Но дело было не только в смелости. Что-то еще отличало эту, киевскую древлянку, от плесковских дев. Она родилась за тридевять земель отсюда, хотя имеет родню поблизости – в Варягино. И еще ближе – так близко, что и сама не подозревает…

При всей своей красоте и свежести эта девушка казалось лет на десять старше, чем была. В ней угадывалась привычка к множеству разных людей, знакомых и незнакомых, к разным местам, и потому она не несла на себе прочного отпечатка какого-то одного дома и рода, вечных повторяющихся впечатлений. Она привыкла к тому, что мир все время меняется. Поэтому и опомнилась так быстро. Но именно из-за этого своего склада она была почти такой же новостью, таким же особым существом для Князя-Медведя, как он – для нее. Ее присутствие волновало его, но, пожалуй, приятно. В его неизменной, всегда одинаковой жизни ее появление было единственным в своем роде событием.

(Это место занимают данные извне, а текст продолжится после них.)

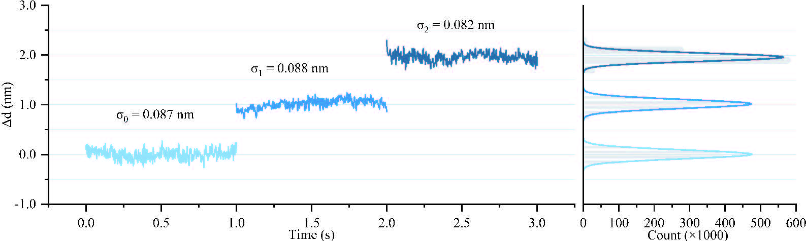 據(jù)點進行平均計算獲得。在 0.01 至 1 MHz 的頻率范圍內(nèi),噪聲功率譜密度(NPSD)被計算為 0.032 nm,充分體現(xiàn)了系統(tǒng)的精度。

Что же будет дальше? Захочет ли она остаться здесь? Эта изба в чаще – вовсе не то, к чему она привыкла. Но тот мир, который она знала, обошелся с ней неласково…

– А отец ей на это говорит: «Еще в чреве матери, как молвят люди, дал я зарок никогда не отступать перед врагами, хоть бы они грозили мне смертью, не бежать ни от огня, ни от стрелы, ни от копья…»

На этих словах Малуша с трудом подавила отчаянный зевок, что не очень шло к исполненной доблести речи.

– Кто? – спросил Князь-Медведь, очнувшись от своих мыслей.

– Ну, он… – Малуша поморщилась. – Отец ее, Вёльсунг. А еще Святослав однажды сказал, что он тоже такой зарок дал, – тихо добавила она, будто обращаясь к тому, кто внутри нее.

Святослав и правда сказал это однажды несколько лет назад. Он ведь тоже с детства слушал повесть о детях Вёльсунга и размеривал по ним свою будущую жизнь. А в ней зреет дитя Святослава. Что если и оно сейчас дает такой же зарок?

Или какой-то другой? Малуша прислушивалась к себе, закрыв глаза, но во всем мире стояла тишина.

– Ты спишь уже? – раздался рядом низкий голос, и она вздрогнула. – Иди ложись. Выйти надо?

* * *

Лежанка у Князь-Медведя оказалась вполне человеческая – не какая-нибудь куча палой листвы, а постельник, набитый пухом рогоза, причем свежим: Малуша пощупала опытной рукой и убедилась, что пух сваляться не успел, будто минувшей осенью только и собран. Одеяло было богатое – на лисьем меху. Лучше только у самой княгини – на куньем. Она-то, Малуша, на киевском дворе спала под овчиной.

– Богато живешь, – заметила она, сворачивая свой кожух, чтобы подложить под голову.

– Так я же князь, хоть и чащобный, – сказал хозяин и задул обе лучины.

Воцарилась тьма. Послышался шорох – Малуша догадалась, что он снимает свою шкуру с личиной. Оборвалось сердце, как будто рядом, невидимо, происходило настоящее превращение.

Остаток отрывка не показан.